As a development agency, the World Bank has the ability to influence global norms: environmental policy reforms are often diffused from global institutions who exert top-down pressure on nations to adopt legislation (Longhofer et al., 2016). Traditionally, the World Bank has used its ability to limit access to promised resources, in the form of loans, to force countries to adopt specified policies (Babb & Chorev, 2016). However, the use of conditionalities has been critiqued, causing international financial institutions to find new methods of encouraging the adoption of such policies (Kentikelenis et al., 2016).

The creation of the Doing Business data set is one such way to create knowledge that is viewed as credible by policy-makers, and then used to inform policy decisions (Broome et al., 2017). Through the Doing Business data set, the World Bank is attempting to measure a part of the policy climate that is theorized to be essential for economic progress: business regulation (Besley, 2015). This provides incentives for countries to establish policies that align with the specified practices and accept the resulting data sets, such as Doing Business, as measures of their success. Furthermore, the World Bank has published studies which boast that the economies of those countries with “better” business regulations (as defined in the Doing Business data set) have faster economic growth (Djankov et al., 2006). The connections made between business climate and economic growth suggest possible mechanisms by which business climate could impact the environment.

Environmental load displacement

The ecological unequal exchange perspective emphasizes that inequality among nations engaging in the global economy results in the offshoring of environmental damages from wealthier to poorer countries (Bunker, 1984; Hornborg, 2009). The impacts of industrialization are not spread evenly across developed and developing nations relative to their use of resources (Jorgenson, 2004). Wealthier nations are able to outsource the environmental impacts of their consumption levels to poorer nations, where the extraction of resources for and minor production of consumer goods takes place (Jorgenson, 2006). Wealthier nations are also offshoring hazardous waste from domestic industries, as well as the hazardous industries themselves (Frey, 1994). Environmental load displacement is a core concept within ecologically unequal exchange theory. It describes a process by which pollution and other human-driven forms of environmental degradation are outsourced from developed nations to less developed nations (Jorgenson, 2016). There are multiple pathways through which environmental load displacement can occur: the literature addressing ecological unequal exchange has primarily focused on foreign direct investment and trade networks as facilitators of this sort of outsourcing of environmental harms (e.g., Grimes & Kentor, 2003; Muradian et al., 2002; Jorgenson, 2006; Rice, 2007; Hornborg, 2009; Bonds & Downey, 2012; Huang, 2018).

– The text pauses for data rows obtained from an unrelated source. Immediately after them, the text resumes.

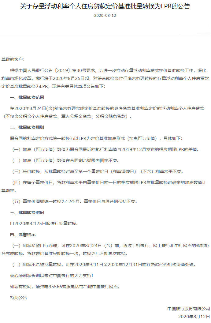 據(jù)悉,此前7月20日,交通銀行已經(jīng)發(fā)布公告,將于2020年8月21日對(duì)尚未轉(zhuǎn)換為貸款市場(chǎng)報(bào)價(jià)利率(LPR)或固定利率的存量浮動(dòng)利率房貸,統(tǒng)一調(diào)整為LPR浮動(dòng)利率加減點(diǎn)方式。
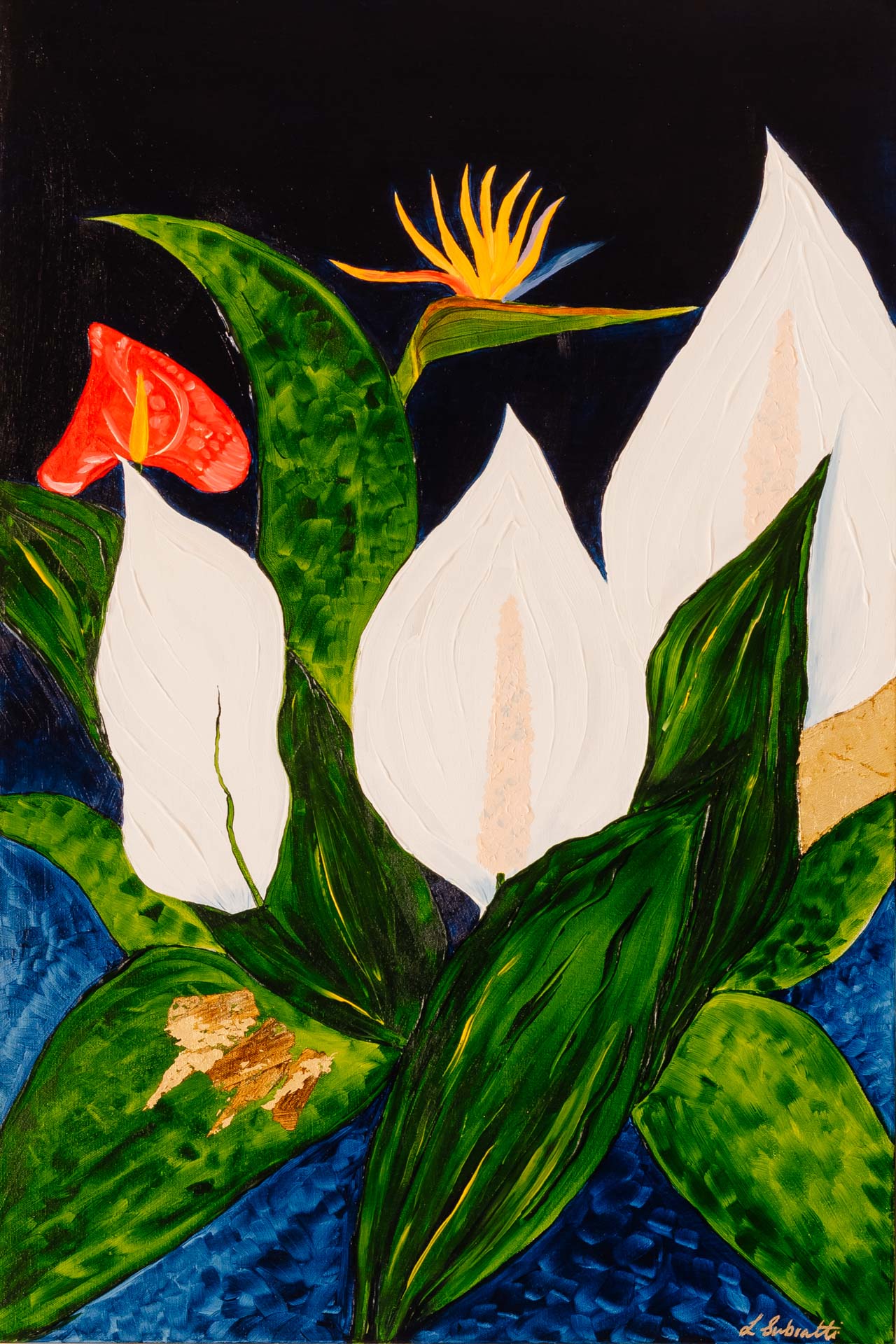 “Dancing White Lilies” is a vibrant celebration of nature’s elegance, featuring graceful white lilies contrasted against deep greens and rich Prussian blues. The addition of the warming colours of the Anthurium and Bird of Paradise flowers adds a striking balance, creating a lively, yet serene composition. Perfect for those who love bold floral art with a touch of modern flair.
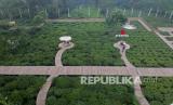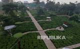 REPUBLIKA.CO.ID, BATANG -- Foto udara hamparan taman wisata kebun teh Patitie di Blado, Kabupaten Batang, Jawa Tengah, Sabtu (5/6/2021).
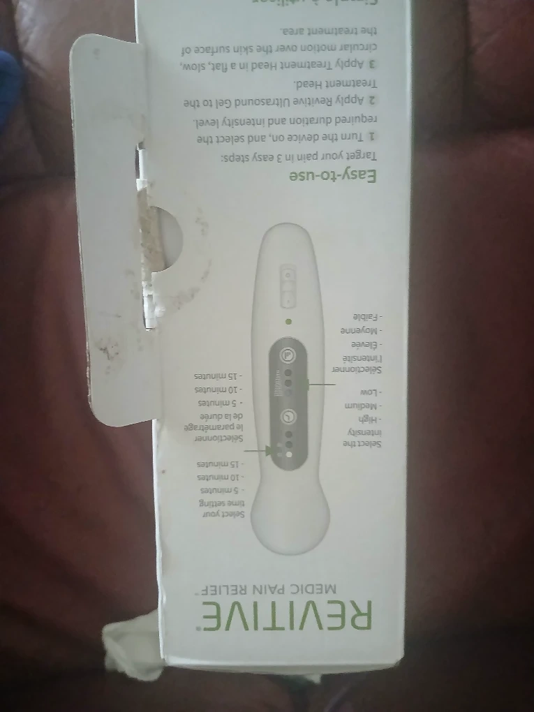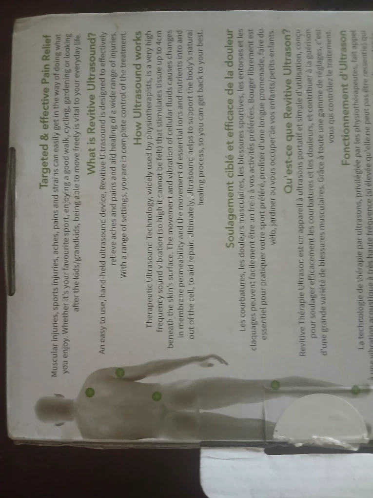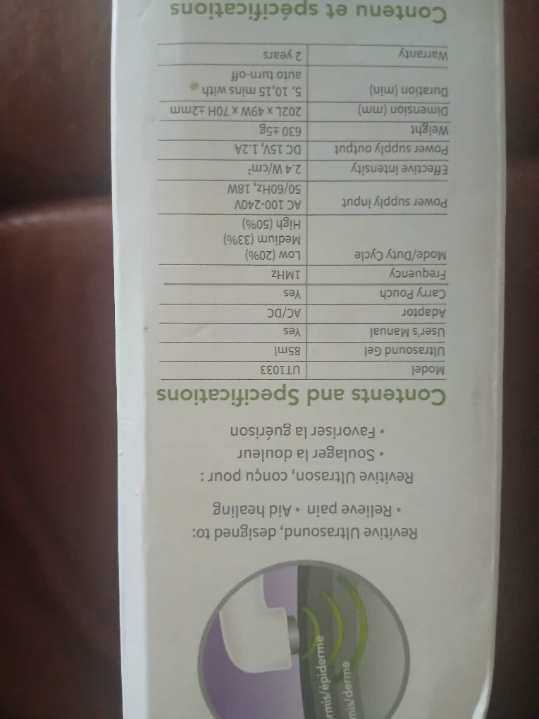 Selling a Revitive Ultrasound Therapy device for medic pain relief. It comes with the ultrasound gel, adaptor, and user manual. The device is designed to relieve pain and speed up healing. It also includes a carry pouch. Dimensions are 2021 x 49W x 70H 2.2mm and weighs 630 ±5g
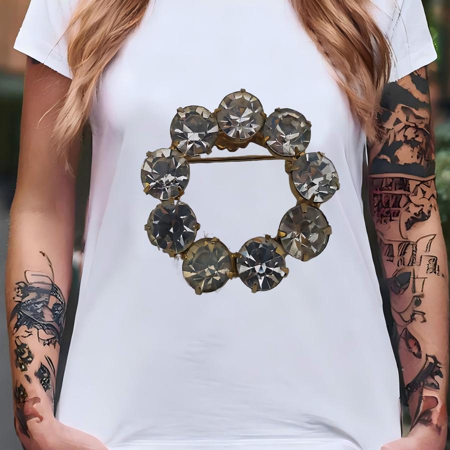 Vintage Gold Tone Round Brooch W/ Clear Rhinestones – 1 1/4” T-shirt

Even green initiatives, such as environmentally beneficial technologies, can act as a pathway through which environmental load displacement occurs: the resources needed to produce these technologies involve destructive extraction practices, subsidizing the lifestyles of the developed world with environmental degradation in the developing world (Bonds & Downey, 2012). However, nations pursuing the improvement of their business climate often end up experiencing environmental degradation with limited evidence to show that any economic development has occurred as a result of improved business climate. The studies that show that there is a positive relationship between business climate and economic growth often come from the creators of the Doing Business data set themselves (e.g., Djankov et al., 2006).

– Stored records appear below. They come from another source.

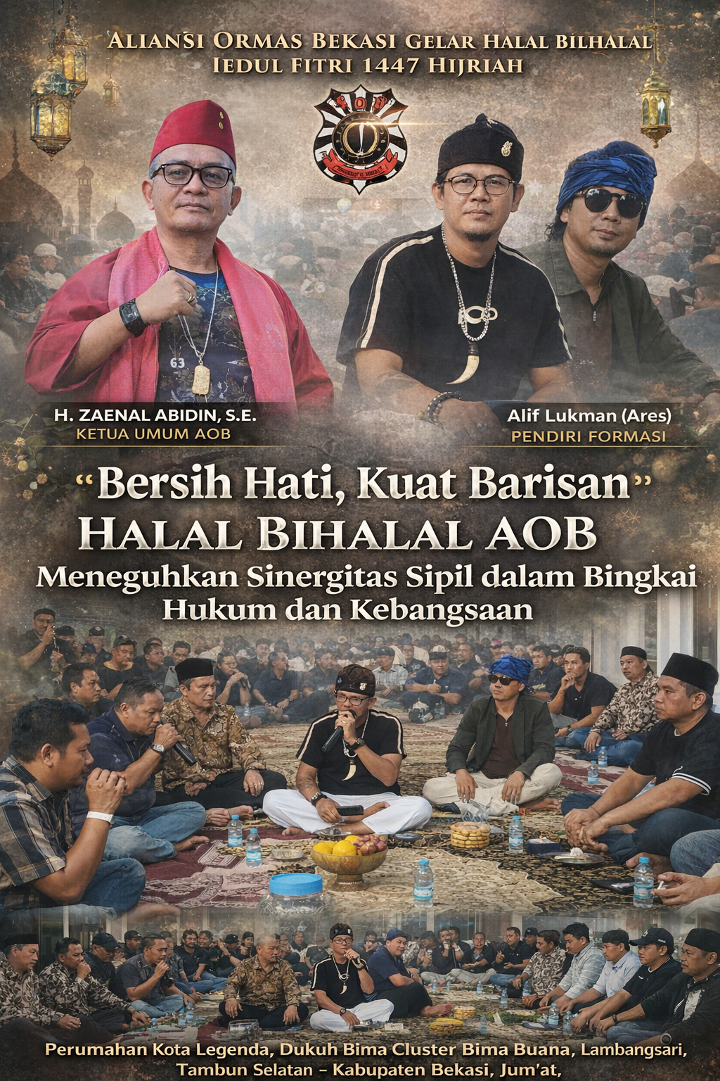 BEKASI ~ Aliansi Ormas Bekasi (AOB) menggelar Halal Bihalal Idul Fitri 1447 Hijriah dalam suasana hangat namun sarat makna di kediaman Ketua Umum AOB, Perumahan Kota Legenda, Dukuh Bima Cluster Bima Buana, Lambangsari, Tambun Selatan, Kabupaten Bekasi, pada Jumat (27/3/2026). Momentum ini bukan sekadar seremoni pasca-Ramadhan, melainkan ruang refleksi kolektif untuk merajut kembali persatuan elemen masyarakat sipil dalam satu naungan visi kebangsaan yang kokoh.
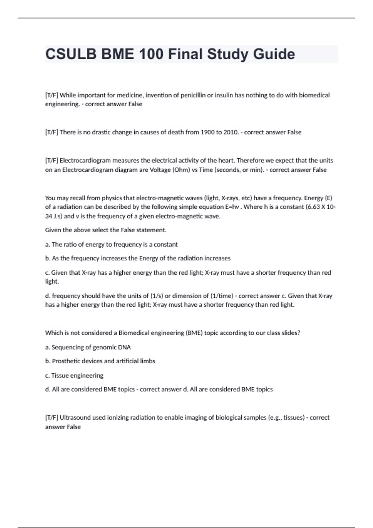 CSULB BME 100 Final Study Guide questions with complete solutions 2024
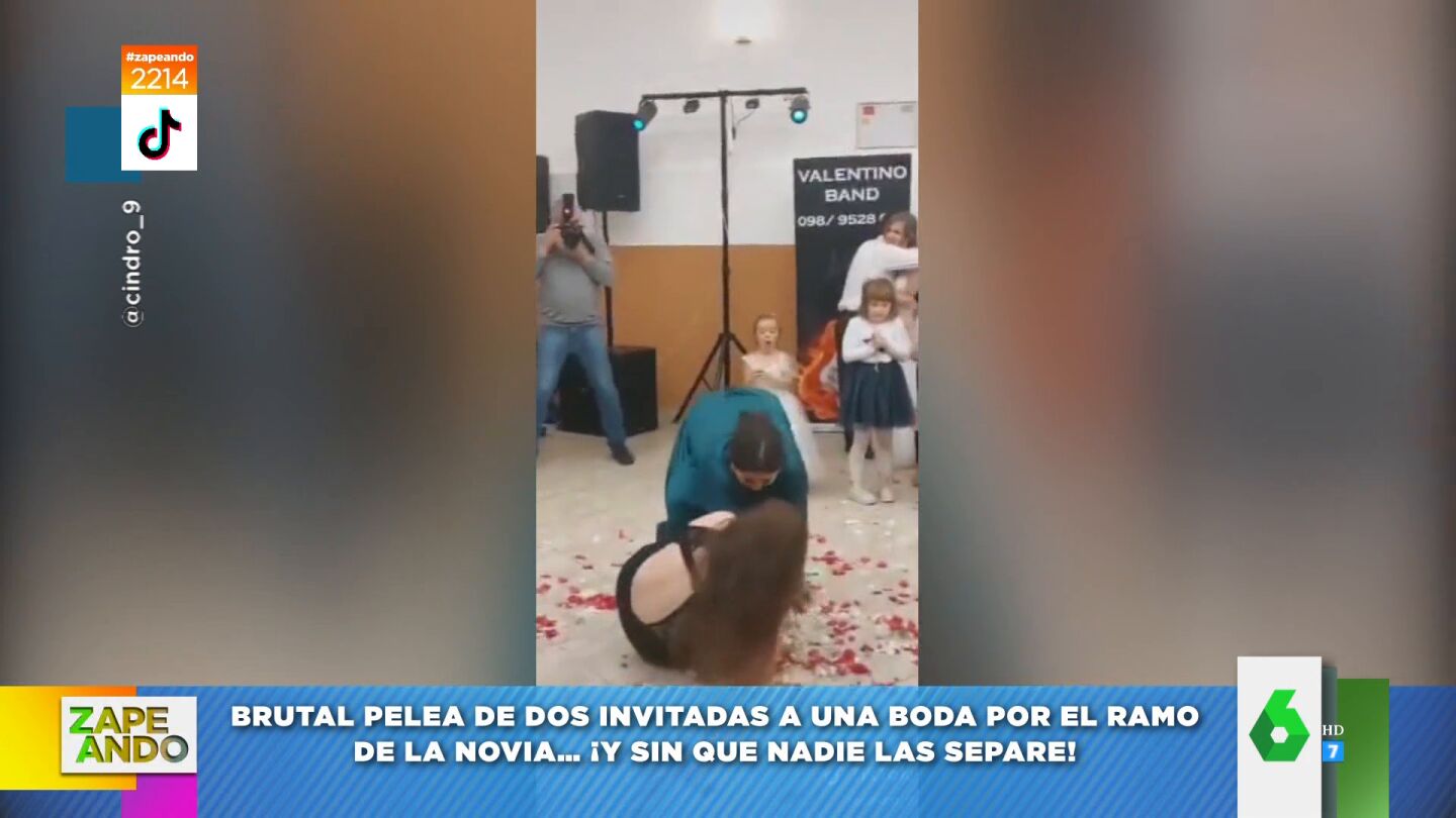 Las jóvenes, que se han vuelto virales después de que otro de los invitados compartiera el momentazo en sus redes sociales, acaban tiradas por el suelo intentándose arrebatar el ramo. ¿Quién ganará? Puedes ver la pelea entre las dos chicas en el vídeo principal de la noticia.

However, given that environmental load displacement not only paints a false picture of “sustainability” in developed nations but also adds to the many issues facing developing nations as they try to improve quality of life (Muradian et al., 2002; Muradian & Martinez-Alier, 2001), it is important to consider additional ways in which the displacement of carbon emissions and other forms of pollution and degradation are occurring. Business climate has been discussed within the literature on ecological unequal exchange as a facilitator of foreign direct investment, which has a positive association with carbon emissions and deforestation (Shandra, 2007; Jorgenson, 2007, 2009). Foreign direct investment channeled into manufacturing sectors in developing nations has resulted in inefficient production due to older machinery and lack of protective regulations, leading to higher levels of pollution, and contributes to the outsourcing of emissions from production (Jorgenson, 2009). Deforestation rates often increase in repressive nations, for whom it is relatively easy to enact the kinds of sweeping regulatory reforms—such as deregulation (or non-regulation) of land use—necessary to create a “good” business climate and attract foreign investment (Shandra, 2007).

Environmental load displacement allows developed nations to artificially reduce the full impact of their consumption levels by outsourcing production to developing nations. As a signifier that a nation is “open for business,” I propose that business climate is acting as a pathway encouraging environmental load displacement, leading to increased emissions in developing nations. To explore this, in the analysis below I test the hypothesis that production-based anthropogenic CO2 emissions and business climate are positively associated in developing nations.


I estimate a time-series cross-sectional Prais-Winsten regression model with panel-corrected standard errors (PCSE), a correction for AR(1) disturbances, and two-way fixed effects to test my hypotheses. PCSE allow for disturbances that are heteroskedastic and contemporaneously correlated across panels, which corrects for understating the actual variability of coefficients. I have included country- and year-specific intercepts to control for country- and year-specific effects, which corresponds to a two-way fixed-effects model. All of the variables are logged using log base 10 in order to correct for skewness and to allow the results to be interpreted as elasticity coefficients, where the coefficient for the independent variable is interpreted as the percentage change in the dependent variable associated with a 1% increase in the independent variable.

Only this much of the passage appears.